Clarence X?: The Black Nationalist Behind Justice Thomas’s Constitutionalism
Justice Clarence Thomas has been on the nation’s highest court for almost twenty years. When he arrived at the Supreme Court, some dismissed him as an intellectual lightweight—someone who simply parroted the views of his jurisprudential master, Justice Antonin Scalia. Court-watchers—intelligent and fair-minded ones, anyway—finally recognize this attack as the unfair caricature that it is. Even scholars who disagree with Justice Thomas now admit that, on important issues ranging from the proper scope of congressional power under the Commerce Clause to the constitutionality of affirmative action, Justice Thomas has written thought-provoking, carefully reasoned opinions.
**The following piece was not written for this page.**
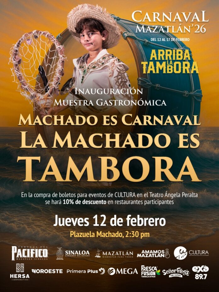 El Carnaval Internacional Mazatlán 2026 ¡Arriba la Tambora! también se vive con el paladar, y este jueves 12 de febrero a las 2:30 PM, la gran fiesta comienza en grande con la inauguración de la Muestra Gastronómica “Machado es Carnaval, la Machado es Tambora”. La entrada es libre.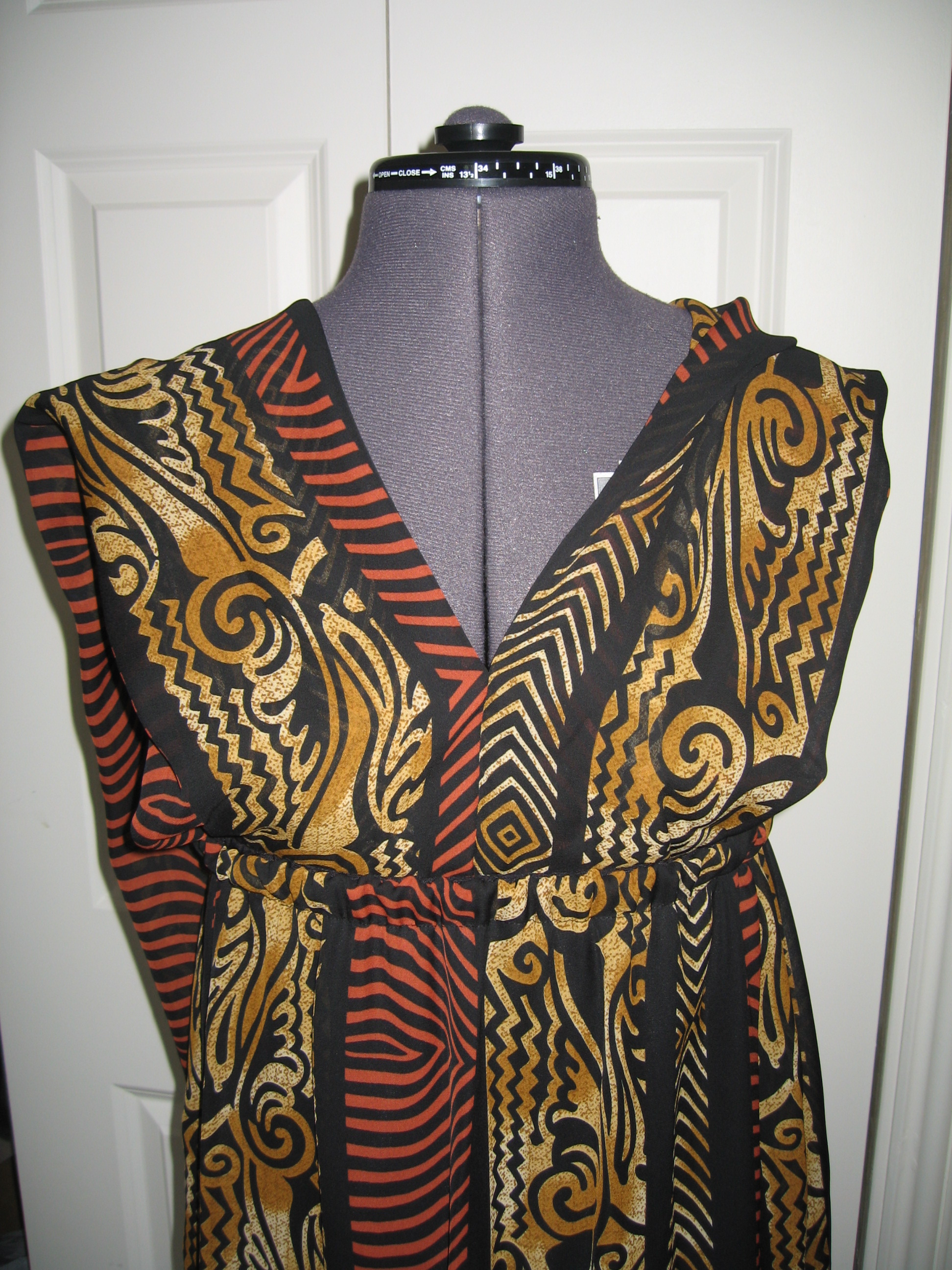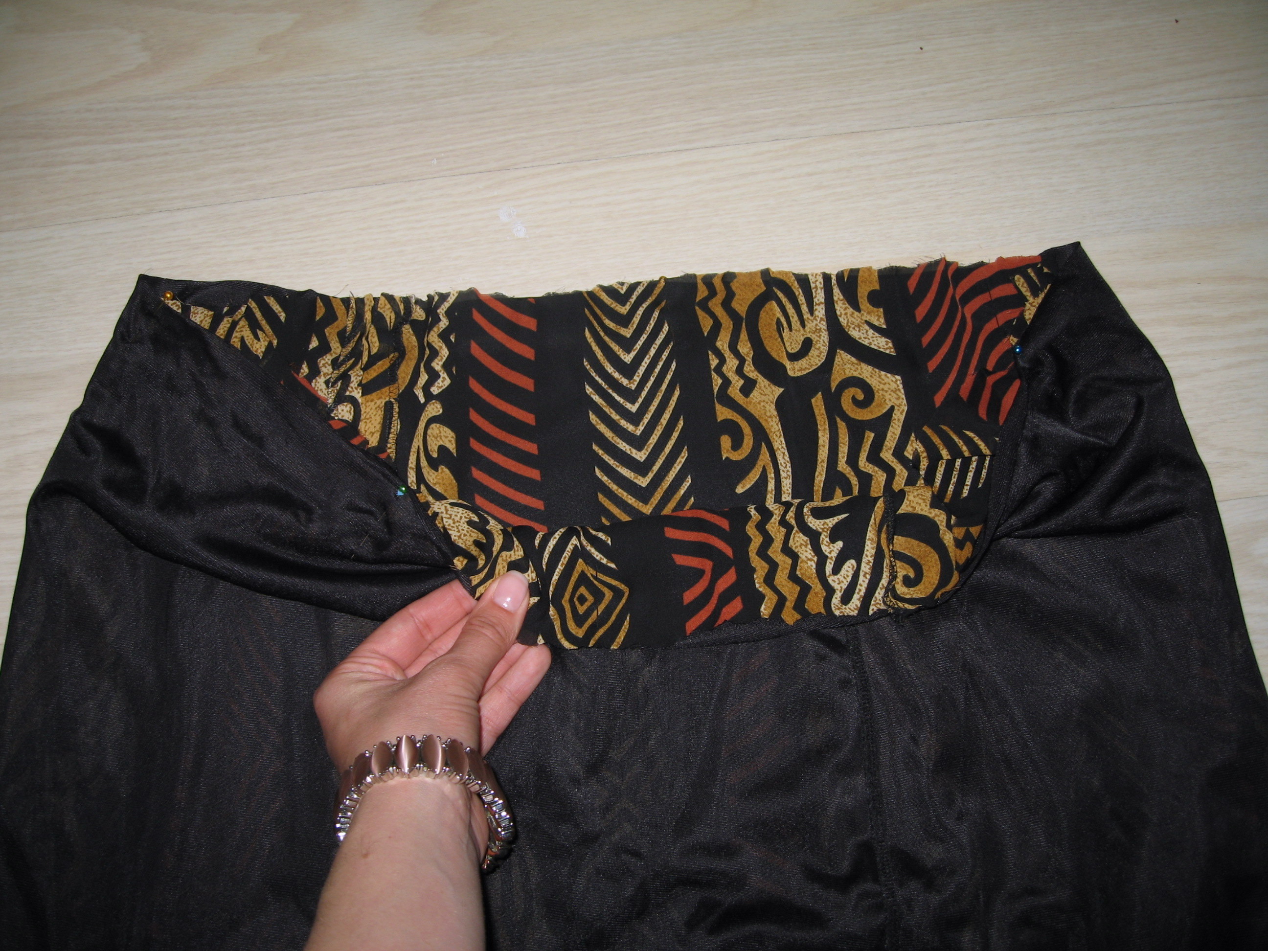 After another session of trying this on to determine the right bodice length, both ends were sewn to the skirt part at the bottom of the elastic casing at what was to become the empire waistline.

The opinions of Justice Thomas reflect a jurisprudence that is uniquely his own. His well-known commitment to textualism and originalism combines with a weak commitment to stare decisis on constitutional questions. This often puts Thomas at odds with Justice Scalia and other Justices who are far more willing to defer to precedents with which they disagree. The most distinctive aspect of Thomas’s jurisprudence, however, involves cases of particular concern to black Americans. In these cases, his originalism and textualism are powerfully supplemented by another -ism—namely, “black nationalism.”